# PROVIDED ENTRIES
____________________
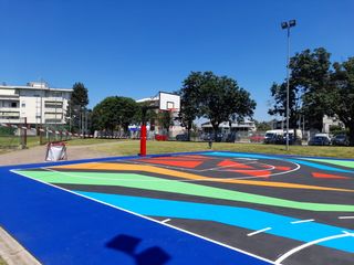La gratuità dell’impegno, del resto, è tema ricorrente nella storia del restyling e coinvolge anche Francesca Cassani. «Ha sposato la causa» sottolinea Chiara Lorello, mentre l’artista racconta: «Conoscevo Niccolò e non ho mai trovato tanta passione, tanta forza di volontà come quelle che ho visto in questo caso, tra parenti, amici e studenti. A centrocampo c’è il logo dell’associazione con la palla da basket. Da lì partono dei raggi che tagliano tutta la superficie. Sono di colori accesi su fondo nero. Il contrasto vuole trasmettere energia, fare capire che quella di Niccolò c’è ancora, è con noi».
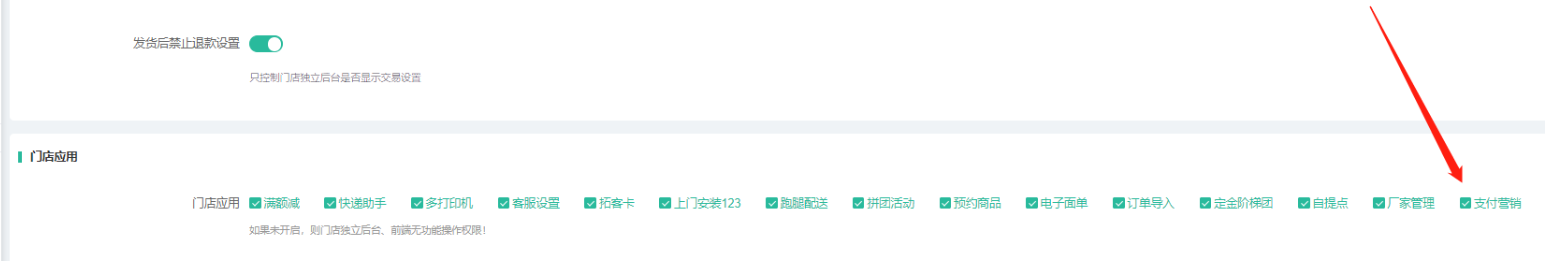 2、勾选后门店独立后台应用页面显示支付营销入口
____________________
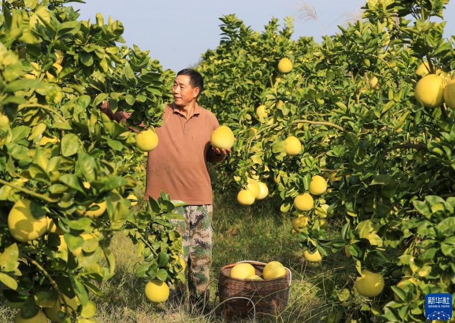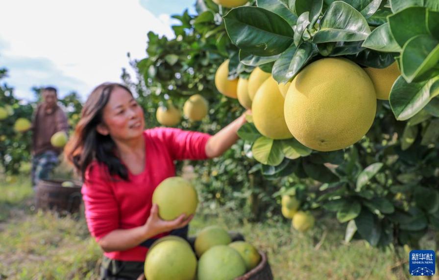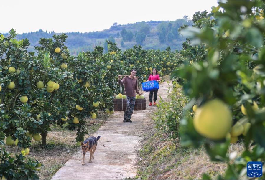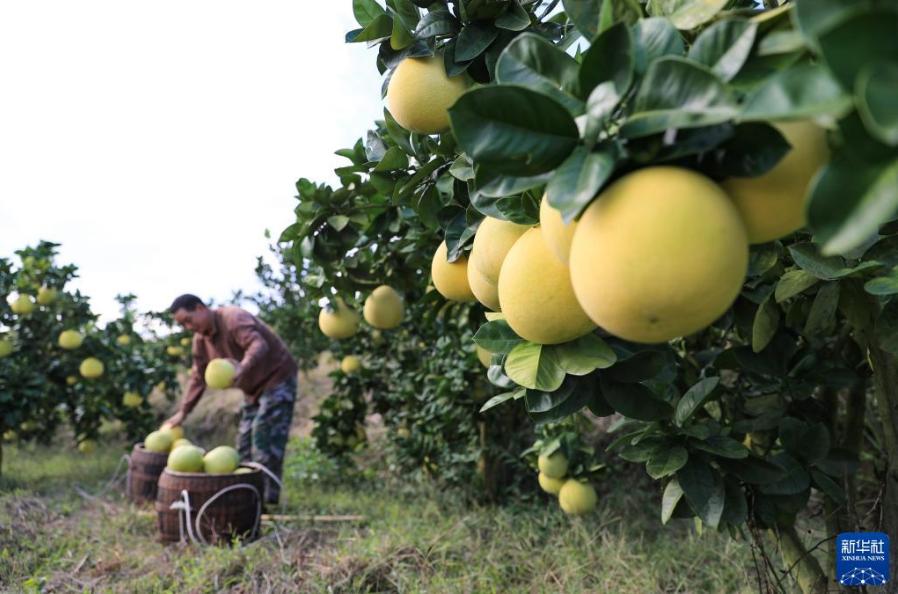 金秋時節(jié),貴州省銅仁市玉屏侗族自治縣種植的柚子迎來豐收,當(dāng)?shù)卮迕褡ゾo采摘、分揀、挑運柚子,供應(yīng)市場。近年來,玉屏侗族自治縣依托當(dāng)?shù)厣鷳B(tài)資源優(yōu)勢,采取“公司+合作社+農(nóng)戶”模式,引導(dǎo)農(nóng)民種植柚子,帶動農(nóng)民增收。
____________________
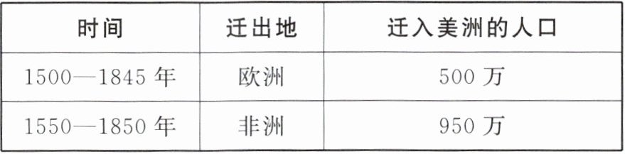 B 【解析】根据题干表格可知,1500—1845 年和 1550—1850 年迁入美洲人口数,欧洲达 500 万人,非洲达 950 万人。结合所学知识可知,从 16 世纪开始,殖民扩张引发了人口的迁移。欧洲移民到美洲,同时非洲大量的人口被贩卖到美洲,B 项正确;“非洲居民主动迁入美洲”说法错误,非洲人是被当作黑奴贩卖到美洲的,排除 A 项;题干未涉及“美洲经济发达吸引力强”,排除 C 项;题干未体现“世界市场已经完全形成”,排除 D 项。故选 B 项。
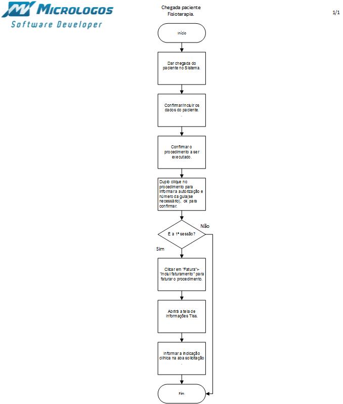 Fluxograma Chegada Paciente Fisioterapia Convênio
____________________
# ASSIGNED TASK
Every line above in the stretch from the one with "La gratuità dell’impegno, del" through the one with "2、勾选后门店独立后台应用页面显示支付营销入口" is to be transcribed exactly, ends included. No picture is copied.

# ANSWER AREA
La gratuità dell’impegno, del resto, è tema ricorrente nella storia del restyling e coinvolge anche Francesca Cassani. «Ha sposato la causa» sottolinea Chiara Lorello, mentre l’artista racconta: «Conoscevo Niccolò e non ho mai trovato tanta passione, tanta forza di volontà come quelle che ho visto in questo caso, tra parenti, amici e studenti. A centrocampo c’è il logo dell’associazione con la palla da basket. Da lì partono dei raggi che tagliano tutta la superficie. Sono di colori accesi su fondo nero. Il contrasto vuole trasmettere energia, fare capire che quella di Niccolò c’è ancora, è con noi».
 2、勾选后门店独立后台应用页面显示支付营销入口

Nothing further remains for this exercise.